Собирался Игорь недолго: надел спортивный костюм, куртку на синтепоне с капюшоном и кроссовки — половина Москвы так ездит. Оставалось одно — незамеченным выйти из гостиницы — наверняка ведь «пасут». Ну, это проблемы не составило — поднялся на четвертый этаж, зашел в ресторан, а там — через служебный ход на другое крыло здания. И вышел совсем в противоположном вестибюле. Он успел на предпоследнюю электричку до Александрово, сел в средний вагон, купил у разносчика «Московские новости» и почти два часа до Сергиева Посада «обрабатывал» сообщаемую в них информацию...

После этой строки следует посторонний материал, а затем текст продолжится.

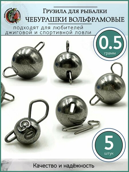 Груза для рыбалки - разборные вольфрамовые. Вольфрам является самым популярным материалом для изготовления грузил. Вольфрамовые чебурашки по сравнению с грузами из свинца имеют ряд важных преимуществ: один из самых неоспоримых плюсов вольфрама является его повышенная плотность, по сравнению с свинцом. Плотность свинца составляет 11,3415 г/см³, плотность вольфрама - 19,25 г/см³. Вольфрамовая разборная чебурашка высокого качества с содержанием вольфрама не менее 98%. Ушко - застежка изготовлено из нагартованной нержавеющей проволоки диаметром 0,45мм. Груз имеет компактные размеры при максимальном весе. Миниатюрный монтаж в свою очередь дает меньшее сопротивление в воде, компактное и незаметное грузило в меньшей степени отпугивает рыбу и как результат даёт больше поклёвок. Дальность заброса, которая превосходит заброс со свинцовым грузилом, а также чувствительность проводки - залог успеха при джиговой ловле. При ловле на водоёме с каменистым дном вольфрамовые чебурашки могут стать самостоятельным фактором привлечения рыбы - своим звонким ударом о грунт грузило может привлечь хищника с большого расстояния. На каждом изделии нанесена маркировка веса в граммах, а за счёт твёрдости вольфрама - груз не мнётся. Все касания дна гораздо лучше и отчетливее передаются на вершинку Вашего удилища. Набор грузил чебурашка разборная вольфрамовая. Данный груз получил широкое распространение при джиговой ловле. Оснащается офсетным крючком, который Вы также можете приобрести у нас /размеры крючков подходят для ловли как микроджигом, начиная от крючка номер 6, так и для ловли крупной рыбы, на данный момент максимальный размер крючка 6/0. Выбор крючка зависит от размера приманок.

В Кленовом переулке Игорь был уже в десять часов вечера. Стемнело. Он прошелся мимо дачи — свет горел лишь на самом верху здания. Видимо, Коляй, за неимением компании, сам перерабатывал виски. Наконец, он решился — быстро вскарабкался по кованым завитушкам ворот и через две секунды был во дворе. Подошел к двери, прислушался — тишина, только еле слышно доносились звуки очередного шлягера Анжелики Варум.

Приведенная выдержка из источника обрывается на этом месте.